Had a great time of worship in the presence of God last nite at leaders' meeting. It was refreshing to the soul and spirit. I thoroughly enjoyed myself. And when Pst called me out to pray for me, she just said simply 'Fear Not, Fear Not, Fear Not, For I am with you.' And immediately I started to cry & fell under the power of God. What a timely word indeed. Simple as it may sound, but exactly what I needed.

The word kept ringing in my head since last night. I shared with Isaiah how wonderful it is of God to reveal to me a rhema when I needed it most. It was like a stabiliser which helped calm me down. And I know this is gonna be the word that will see me through trying times and even difficult times in my Ministry. If God is with me, why should I even be afraid? : )

* * * * * *
Life is really fragile. Yesterday night Pst said that people who dare to commit suicide are courageous people. And I totally agree with her. Not to glorify people who actaully dare to commit suicide, but the fact remains that I myself has never found the courage to do it, no matter how dire my circumstances were.
People who actually have suicidal thoughts must be going through a turmoil in their hearts. I have been in situations so trapped and so bad that I find it hard to breathe and every blink of my eye brings hot tears down my cheeks. Yet, even those times when I felt like ending it all, I never once really felt that I meant it.
Recently, I had the experience of counseling one such person. It was a painful process for me. Heartache and pain. I don't even know the person. Yet, my heart went out to the person. What do you say to someone who has come to the conclusion that 'even though I know I will go to hell if I kill myself, I will still do it because it's less painful to be in hell than remain on earth' ?

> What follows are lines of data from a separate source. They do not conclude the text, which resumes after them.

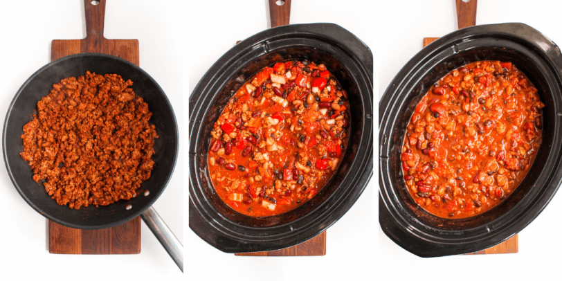 Now it’s time for the crockpot/slow cooker! Place the turkey mixture into the insert of a slow cooker and add the diced onion and red pepper, canned tomatoes, and beans (pinto beans, red kidney beans, and black beans – or a mix of whatever you prefer!).
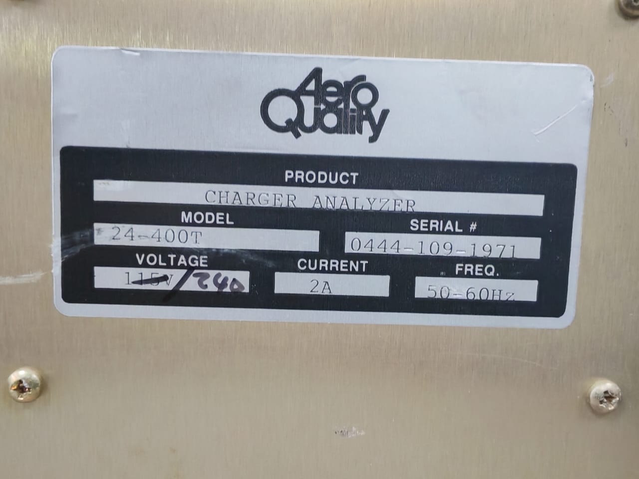 USED AERO QUALITY 24-400T BATTERY CHARGER ANALYZER 240V 2A 50-60Hz
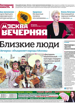 «Вечерняя Москва» — ежедневная российская вечерняя газета, старейшее из вечерних изданий в России, учрежденное в 1923 году. Выходит пять дней в неделю, кроме субботы и воскресенья. Отличается тем, что рассказывает о событиях еще не завершившегося дня. Оперативно освещает хронику и особенности жизни Москвы, охватывает все слои общества и большинство профессиональных и возрастных групп читателей.Издание представлено тремя выпусками – утренним ежедневным, вечерним (выходит три раза в неделю), еженедельным (выходит по четвергам).
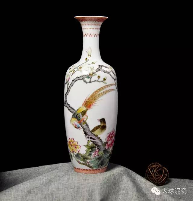 《錦堂高貴》柳葉瓶,由省級(jí)工藝美術(shù)大師徐國(guó)明創(chuàng)作,以大球泥為原材料。胎骨細(xì)白堅(jiān)致,釉質(zhì)光潔瑩潤(rùn),繪工細(xì)膩。
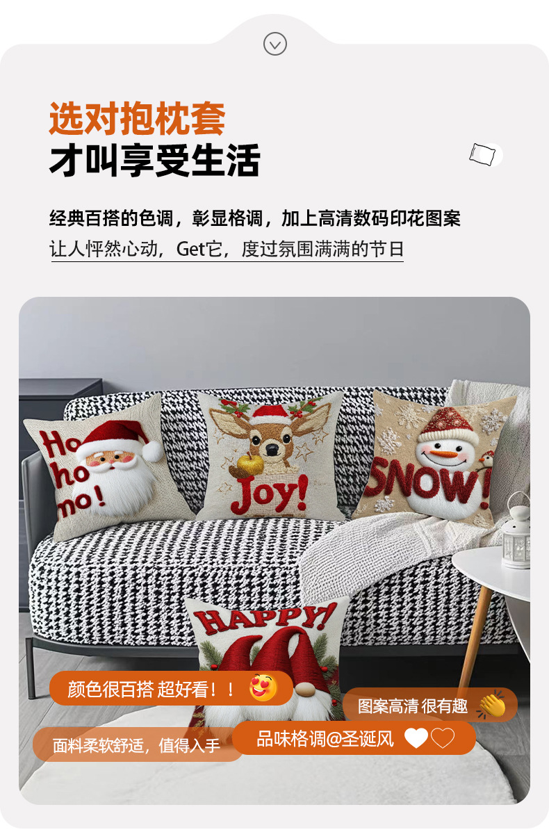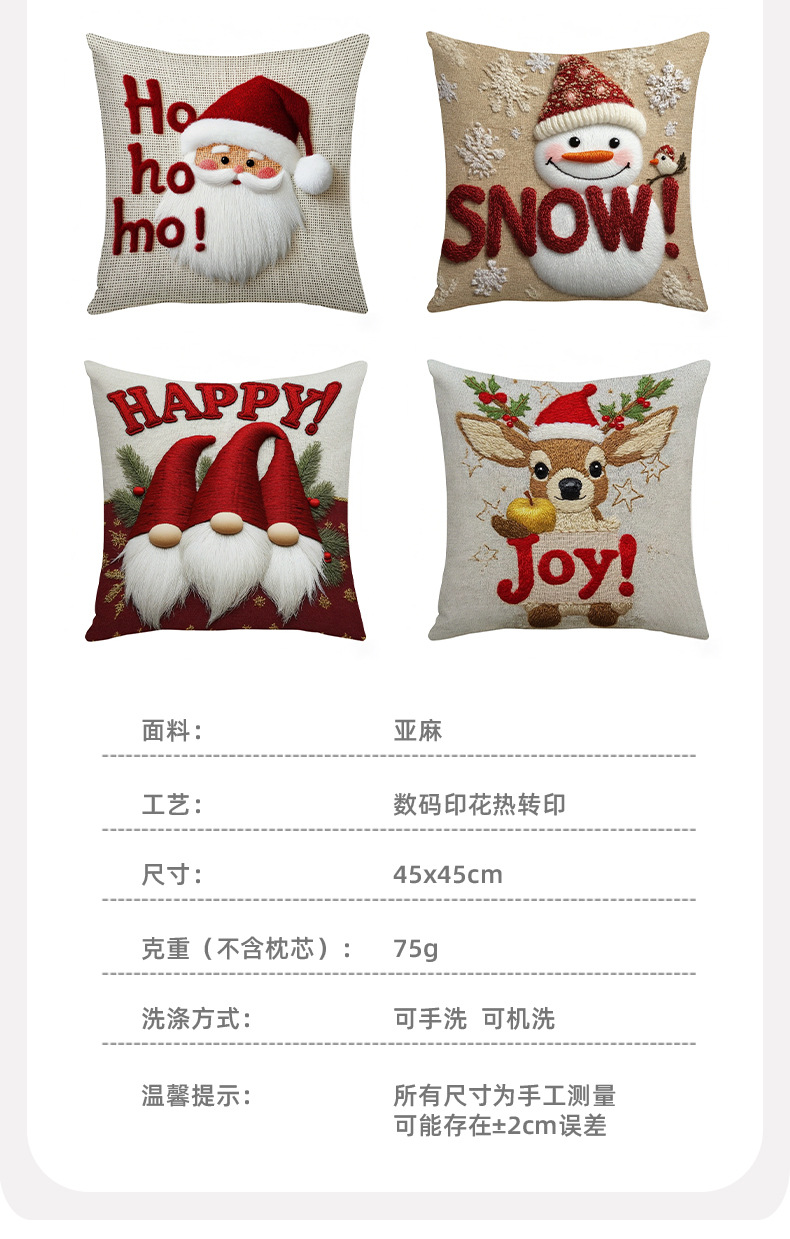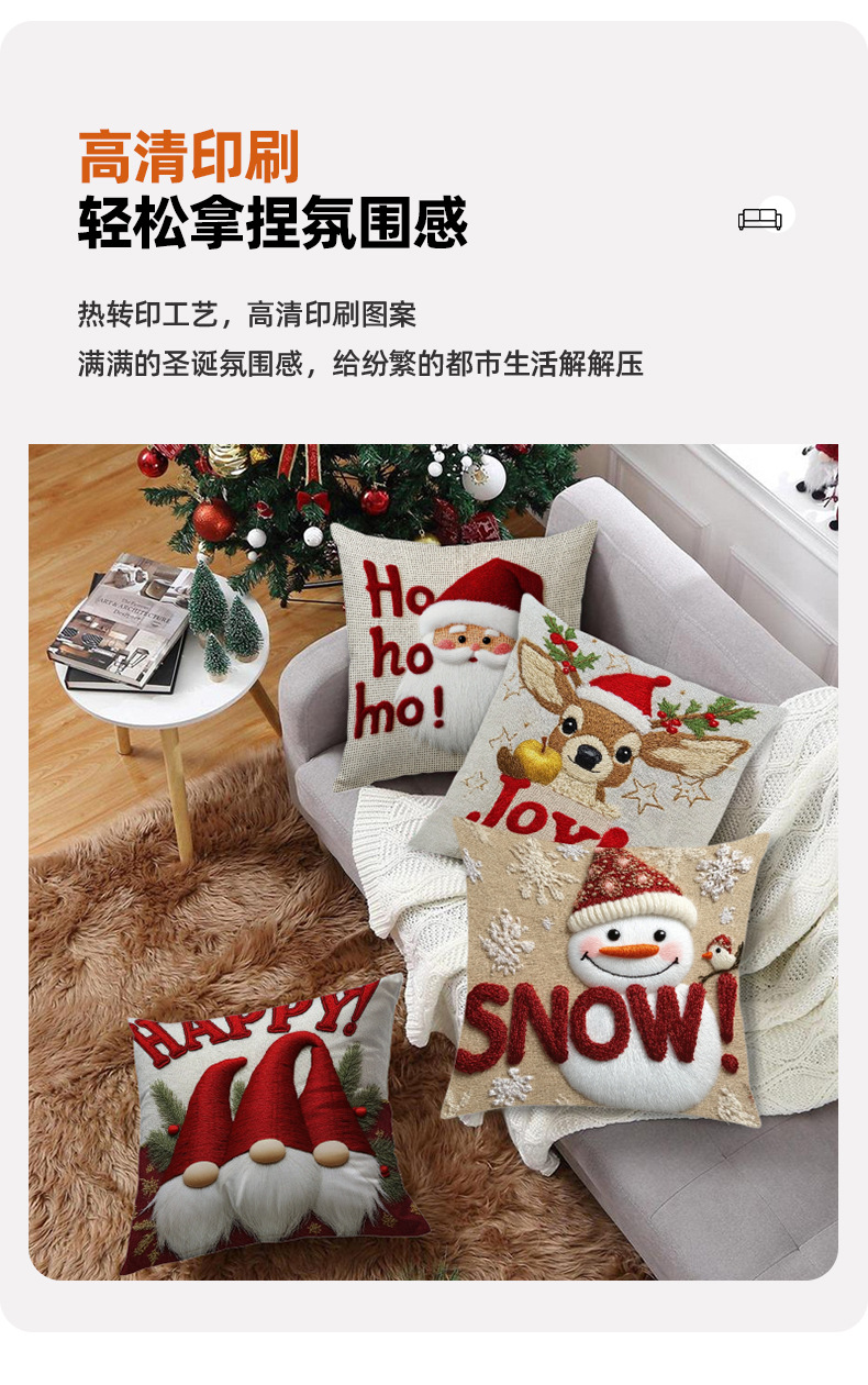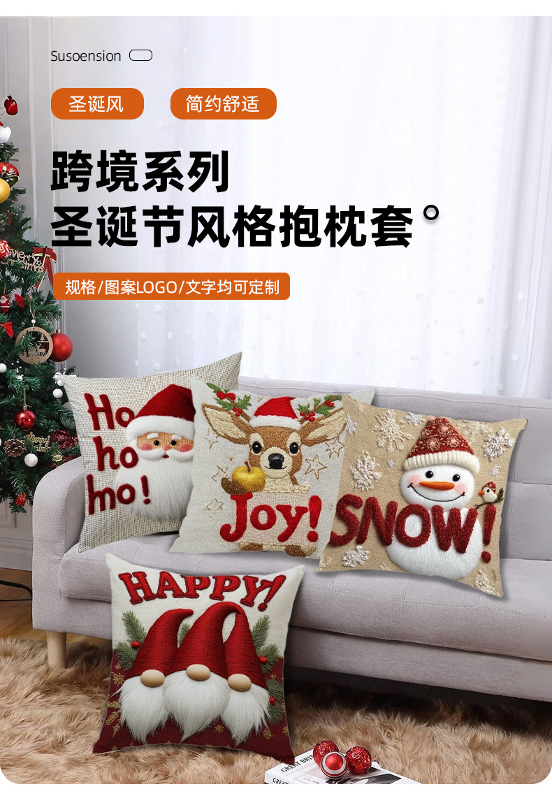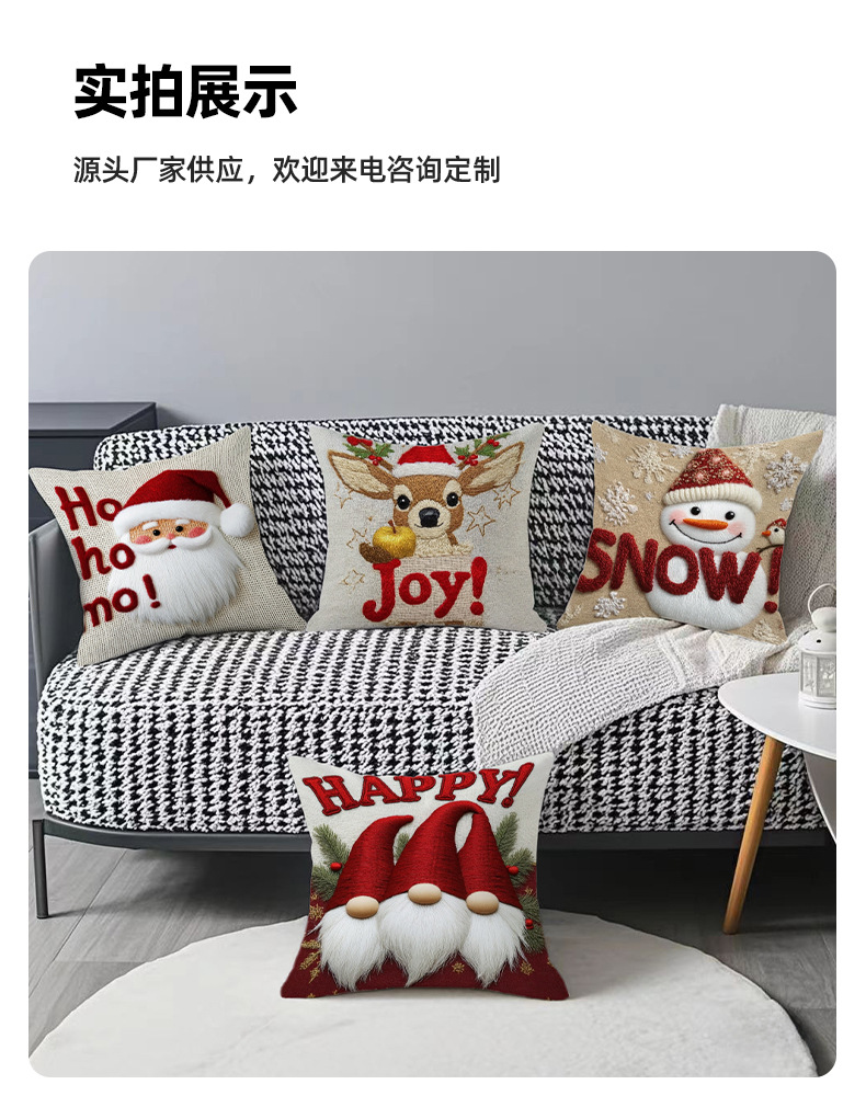 跨境卡通雪人圣诞抱枕套靠垫套短毛绒圣诞老人装饰家居沙发靠枕套
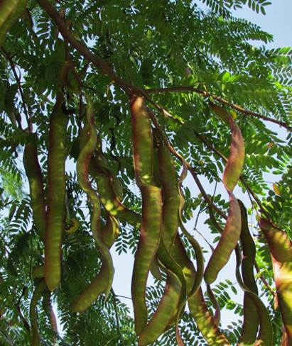 Descripción: árbol de 8-12 a 20 m de alto, con tronco recto de hasta 60 cm de diámetro, corteza pardo-grisácea, lisa cuando joven, fisurada y con escamas angostas al envejecer; copa globoso-deprimida y ancha u oblonga con ramas extendidas o divergentes provistas, como el tronco, con espinas de 5-10 cm, simples o, más a menudo, ramificadas en tres. Hojas caducas en invierno, alternas, pinnati o bipinnaticompuestas, las pinnadas compuestas por 7-19 pares de folíolos, mientras que las bipinnadas con 4-9 pares; folíolos subglabros, verde-claro, de 1-3 x 0,7-1,0 (2-3,5) cm, oblongo-lanceolados, elípticos u ovales, enteros o apenas crenado-serrulados. Flores en racimos péndulos, axilares, densos, pubescentes, de 4-12 cm, los femeninos o hermafroditas con menos flores que los masculinos; especie polígamo-dioica o monoica, flores inaparentes, blanco-verdosas, con un receptáculo turbinado, cortamente pediceladas.; cáliz de 5-6 sépalos, campanulado, de 0,2-0,5 cm; corola de 4-5 pétalos o nula; las masculinas con 5-11 estambres libres, las femeninas con ovario estrecho, piloso, de 2 mm, estigma peltado, convexo. Fruto, una legumbre lineal-comprimida, pardo oscuro con tinte rojizo, péndula, semipersistente, de 20-40 x 2.5 cm, curvada y retorcida en toda su longitud; semillas elipsoidales u ovales inmersas en el mesocarpio algo pulposo y dulce, pardas a castaño-oscuras, muy duras, lisas, de 0,8 cm.

Life is precious. God gave it to us. Jesus redeemed it back for us. How can we treat it so carelessly, thinking that we're better off dead? But this is not to say I do not understand why that person still thinks about it. Because I do know when one is driven to the walls, they either crash right into it and perish, or jumps over it.
I am glad the person has jumped over the wall. That yes, it is courageous to want to die. But it is even more courageous if we choose to live on no matter how hard it is.
Treasure life. It is God's gift for us.